▶ _What is expected_: Write out exactly, and only, the lines below from the line with "En primer piso" through the line with "キプリングのキルティングスマホショルダーバッグに入れたアイテムは以下のとおり。"; pictures do not belong in the copy.

▶ _Given data_:
++++++++++++++++++++

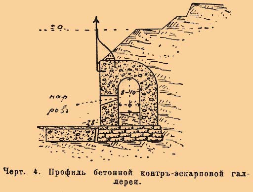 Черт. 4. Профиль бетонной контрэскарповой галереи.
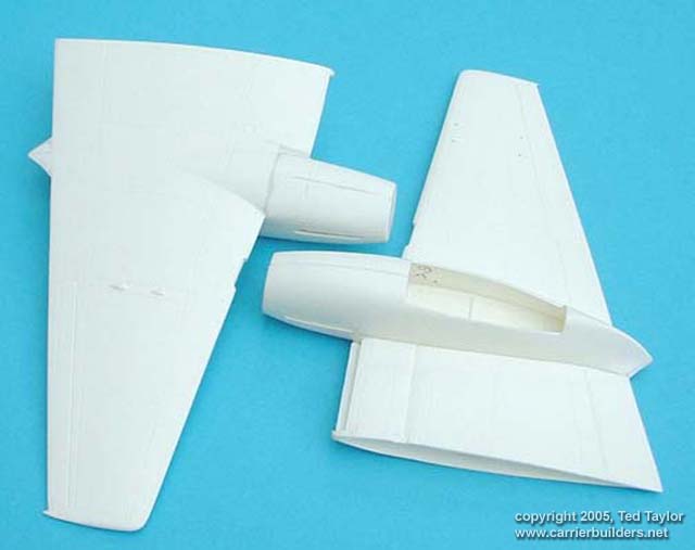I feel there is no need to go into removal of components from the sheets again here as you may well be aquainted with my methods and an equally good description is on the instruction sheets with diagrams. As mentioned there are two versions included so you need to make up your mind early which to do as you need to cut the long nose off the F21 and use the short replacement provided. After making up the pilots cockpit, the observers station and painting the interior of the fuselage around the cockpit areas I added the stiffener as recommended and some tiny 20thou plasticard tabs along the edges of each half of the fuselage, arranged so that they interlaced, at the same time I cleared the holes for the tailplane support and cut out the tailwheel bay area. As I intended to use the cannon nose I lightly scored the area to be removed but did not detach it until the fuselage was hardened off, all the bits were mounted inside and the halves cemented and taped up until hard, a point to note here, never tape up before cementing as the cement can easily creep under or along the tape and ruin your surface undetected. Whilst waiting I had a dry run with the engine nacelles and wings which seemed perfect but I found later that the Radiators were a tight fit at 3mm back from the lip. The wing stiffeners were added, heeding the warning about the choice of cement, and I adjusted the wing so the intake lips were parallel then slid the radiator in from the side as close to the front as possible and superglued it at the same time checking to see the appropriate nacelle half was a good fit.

++++++++++++++++++++

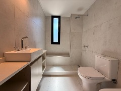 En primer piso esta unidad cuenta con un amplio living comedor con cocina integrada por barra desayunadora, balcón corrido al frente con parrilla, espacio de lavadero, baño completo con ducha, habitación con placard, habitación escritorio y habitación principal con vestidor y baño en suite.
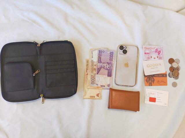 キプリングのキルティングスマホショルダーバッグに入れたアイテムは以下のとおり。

++++++++++++++++++++

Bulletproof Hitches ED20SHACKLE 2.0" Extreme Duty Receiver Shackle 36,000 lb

++++++++++++++++++++

▶ _Final answer_:
 En primer piso esta unidad cuenta con un amplio living comedor con cocina integrada por barra desayunadora, balcón corrido al frente con parrilla, espacio de lavadero, baño completo con ducha, habitación con placard, habitación escritorio y habitación principal con vestidor y baño en suite.
 キプリングのキルティングスマホショルダーバッグに入れたアイテムは以下のとおり。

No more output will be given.